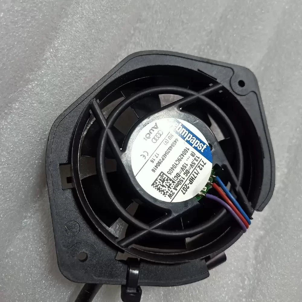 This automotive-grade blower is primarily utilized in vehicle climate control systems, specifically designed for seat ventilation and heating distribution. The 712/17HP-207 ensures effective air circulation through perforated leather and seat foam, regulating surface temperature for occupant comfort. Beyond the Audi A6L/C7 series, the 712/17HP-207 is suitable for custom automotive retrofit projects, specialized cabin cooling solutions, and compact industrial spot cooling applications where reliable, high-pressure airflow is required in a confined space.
■ ■ ■ ■ ■ ■ ■
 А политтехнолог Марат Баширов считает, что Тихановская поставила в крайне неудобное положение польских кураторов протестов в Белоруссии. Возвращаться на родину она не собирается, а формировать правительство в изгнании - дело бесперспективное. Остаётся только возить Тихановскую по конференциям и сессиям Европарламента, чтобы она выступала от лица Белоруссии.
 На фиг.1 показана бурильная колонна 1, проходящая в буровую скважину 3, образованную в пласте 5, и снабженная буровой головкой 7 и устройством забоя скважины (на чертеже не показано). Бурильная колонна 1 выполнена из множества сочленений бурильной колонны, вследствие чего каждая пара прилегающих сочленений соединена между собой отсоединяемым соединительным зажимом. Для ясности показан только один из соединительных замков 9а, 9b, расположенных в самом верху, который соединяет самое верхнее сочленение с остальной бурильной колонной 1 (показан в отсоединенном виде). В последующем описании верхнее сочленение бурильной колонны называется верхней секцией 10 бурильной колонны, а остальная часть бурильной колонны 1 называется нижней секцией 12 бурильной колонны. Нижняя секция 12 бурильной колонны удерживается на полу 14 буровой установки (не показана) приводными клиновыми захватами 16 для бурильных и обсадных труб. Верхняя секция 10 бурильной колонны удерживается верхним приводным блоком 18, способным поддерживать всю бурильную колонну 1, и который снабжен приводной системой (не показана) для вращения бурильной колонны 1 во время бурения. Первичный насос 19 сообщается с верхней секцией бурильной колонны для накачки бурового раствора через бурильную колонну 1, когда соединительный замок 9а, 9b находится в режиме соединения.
■ ■ ■ ■ ■ ■ ■
• Assignment:
Take from the material above every line that includes the word "только".

• Answer box:
 А политтехнолог Марат Баширов считает, что Тихановская поставила в крайне неудобное положение польских кураторов протестов в Белоруссии. Возвращаться на родину она не собирается, а формировать правительство в изгнании - дело бесперспективное. Остаётся только возить Тихановскую по конференциям и сессиям Европарламента, чтобы она выступала от лица Белоруссии.
 На фиг.1 показана бурильная колонна 1, проходящая в буровую скважину 3, образованную в пласте 5, и снабженная буровой головкой 7 и устройством забоя скважины (на чертеже не показано). Бурильная колонна 1 выполнена из множества сочленений бурильной колонны, вследствие чего каждая пара прилегающих сочленений соединена между собой отсоединяемым соединительным зажимом. Для ясности показан только один из соединительных замков 9а, 9b, расположенных в самом верху, который соединяет самое верхнее сочленение с остальной бурильной колонной 1 (показан в отсоединенном виде). В последующем описании верхнее сочленение бурильной колонны называется верхней секцией 10 бурильной колонны, а остальная часть бурильной колонны 1 называется нижней секцией 12 бурильной колонны. Нижняя секция 12 бурильной колонны удерживается на полу 14 буровой установки (не показана) приводными клиновыми захватами 16 для бурильных и обсадных труб. Верхняя секция 10 бурильной колонны удерживается верхним приводным блоком 18, способным поддерживать всю бурильную колонну 1, и который снабжен приводной системой (не показана) для вращения бурильной колонны 1 во время бурения. Первичный насос 19 сообщается с верхней секцией бурильной колонны для накачки бурового раствора через бурильную колонну 1, когда соединительный замок 9а, 9b находится в режиме соединения.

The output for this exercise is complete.